When Ebear chose to embrace the comfort of his fears rather than continue on the hard path of healing, the only people who really understood were those who had walked that path before me. The disabling grief that shadowed my life went unrecognized by most people. Some were even irritated by it.

The stages of grief as defined by Kubler-Ross are known to many of us,

what is not known to as many is that the stages are not steps that we move through in progression. They twist and turn causing us to go back, repeat and even skip some of the stages while we process our grief. And often we find that we are thrown into a stage we had long assumed was behind us.

When we “lost” Middle-One to a long-term residential facility and had no hope left of him returning home, we grieved. At that same time a friend had lost her son to a car accident. I won’t minimize her pain but it gave me the opportunity to compare, side-by-side the responses of mutual friends to our losses. I found that we had similar thoughts and behaviors. We were both haunted by memories and empty places where our sons should be.

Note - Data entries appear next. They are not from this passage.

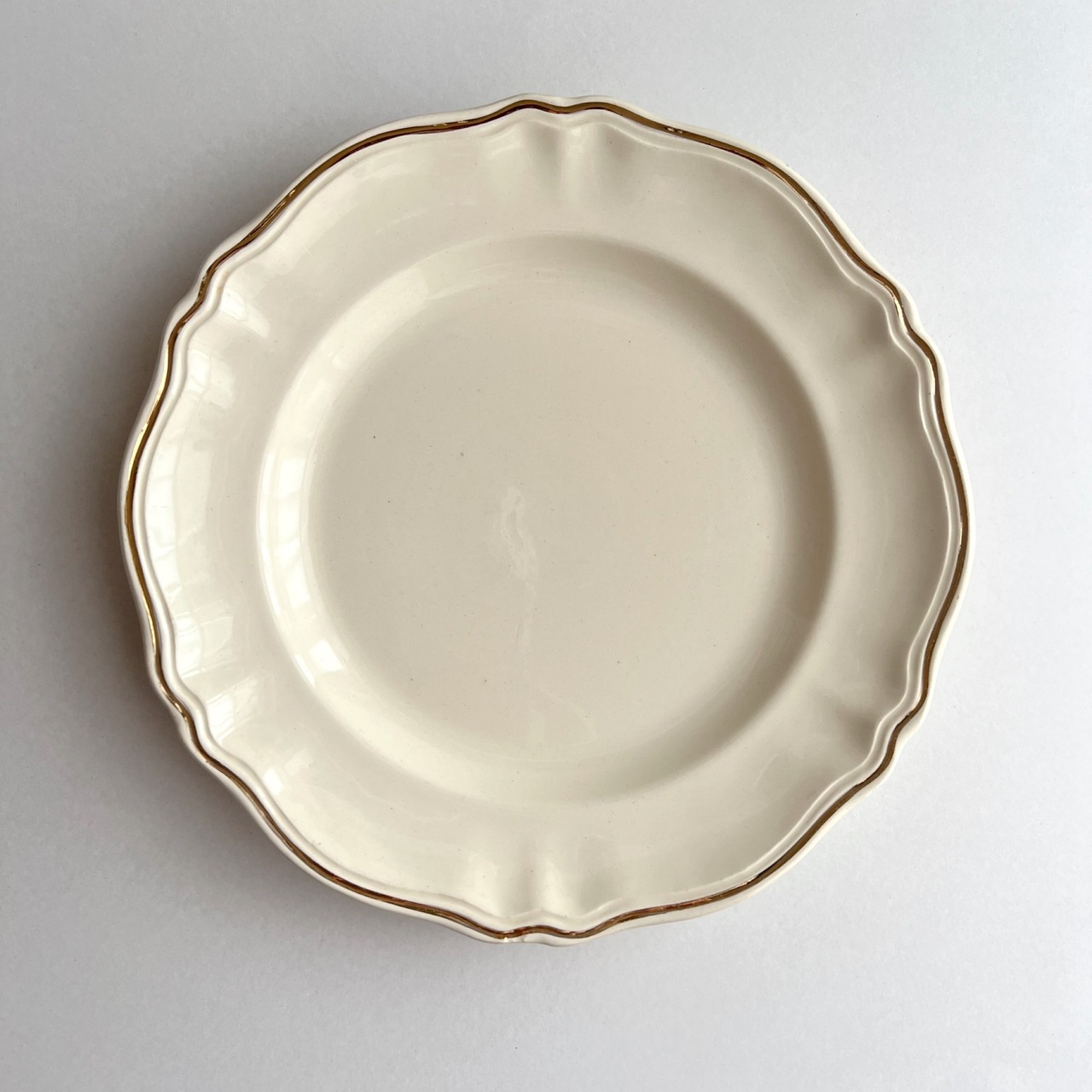 やわらかい乳白色が優しい、シンプルで使いやすい大きめ花リムプレート。
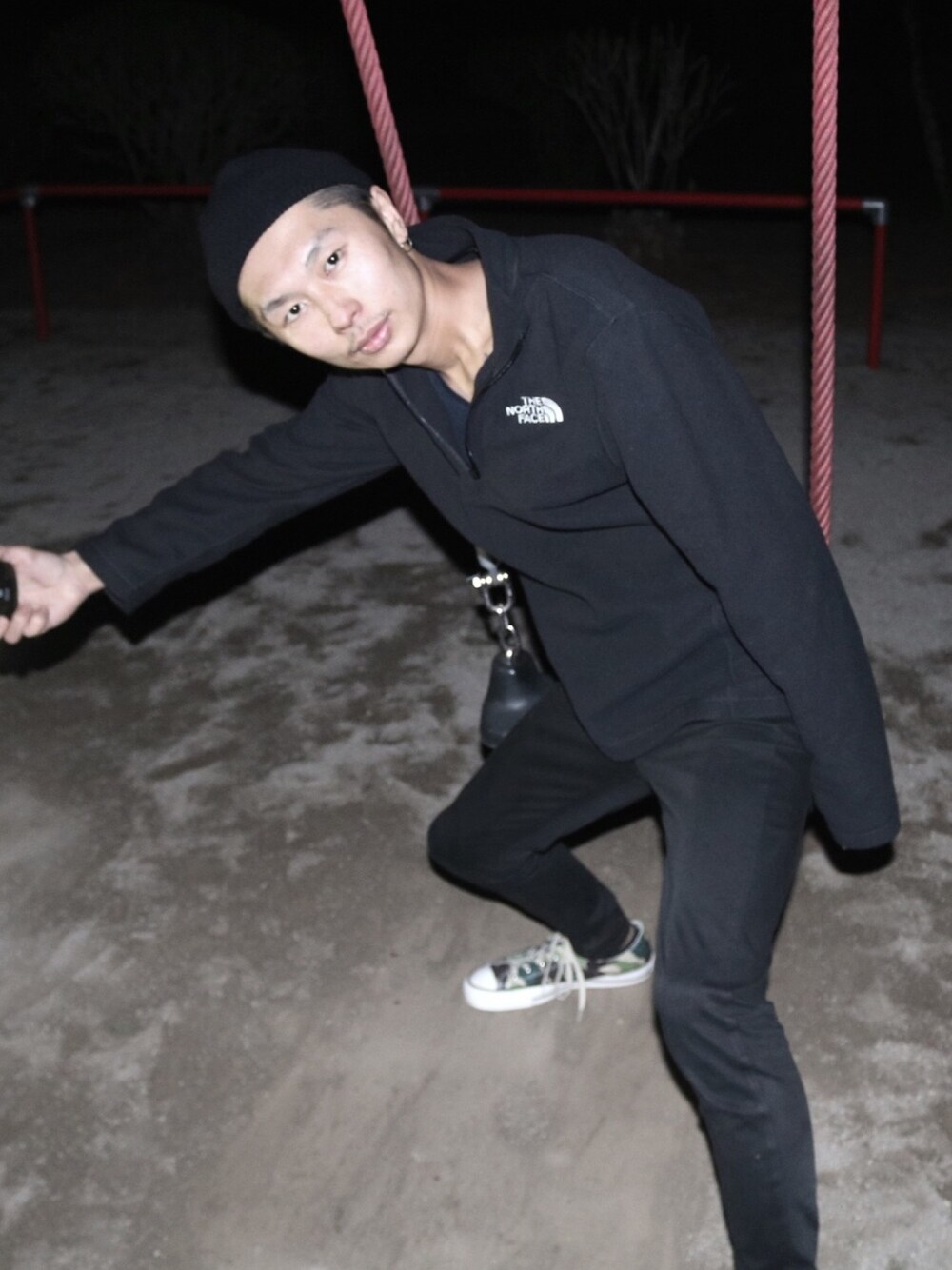 シンプルイズザベスト!! 細身のパンツに大きめのフリースを着てみました!! 全身黒だと寂しいので足に色をつけてみました。
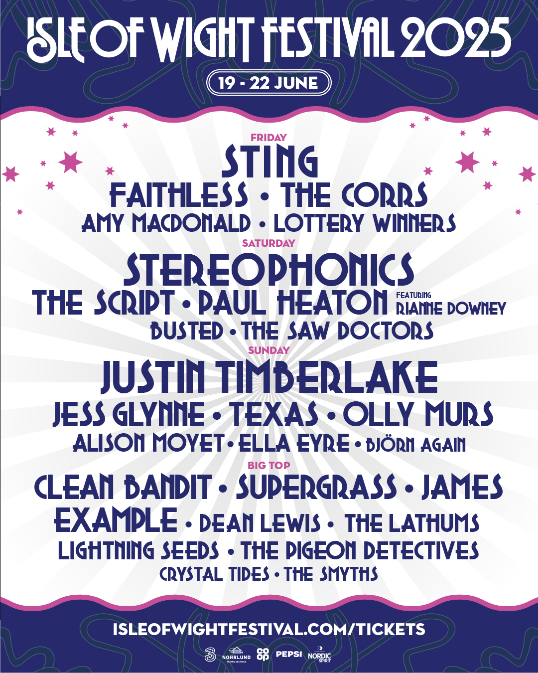 A host of artistes have been announced for the 2025 Isle of Wight Festival, joining headliners Sting, Stereophonics and Justin Timberlake over 19th – 22nd June. Jess Glynne, Supergrass, The Corrs, Busted, Amy MacDonald, Ella Eyre, Lightning Seeds, The Pigeon Detectives, The Saw Doctors, Björn Again, Crystal Tides and The Smyths join the bill of this iconic festival.
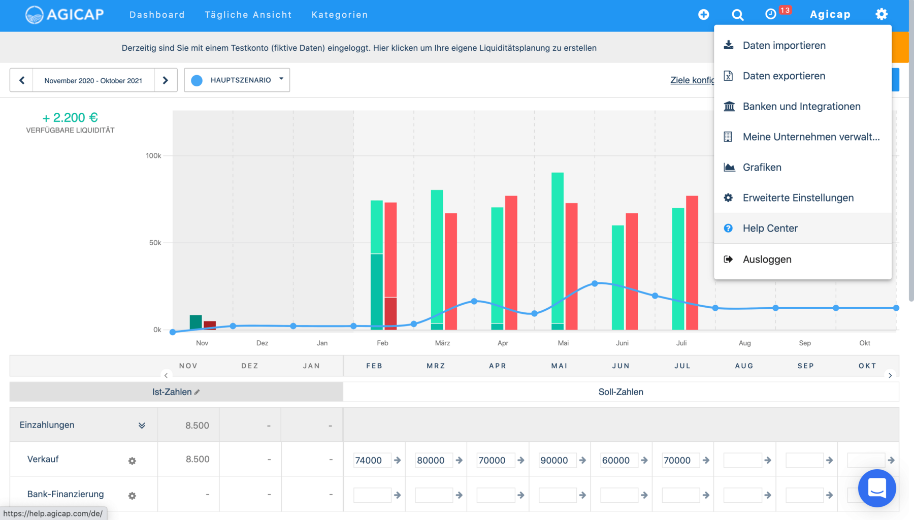 Ob für einen Monat oder mehrere Jahre – Agicap ist sowohl für die langfristige als auch kurzfristige Liquiditätsplanung ausgelegt. Überblick Dein Cash-Management und triff fundierte und sichere Finanzentscheidungen. Dank der ausgereiften Exportfunktionen unterstützt Dich Agicap auch bei der Aufbereitung von Finanzübersichten für eine Kreditanfrage bei Deiner Hausbank. Profitiere sowohl von einer ganzheitlichen Liquiditäts-Historie als auch von zukünftigen Liquiditätsprognosen.

I observed that our mutual friends knew what to do with her grief but approached mine entirely differently. People say they don’t know what to say to the grieving but they were much more comfortable with the understood shared experience of death than they were the abstract and distant loss of hope.

No one sent us cards or brought us casseroles. No one planted trees in honor of our children and no one called us on those special days when we remember alone. Somewhere our children live and breathe and go on without us. But for us, there has been a death, a final and eternal death. Our grief is real.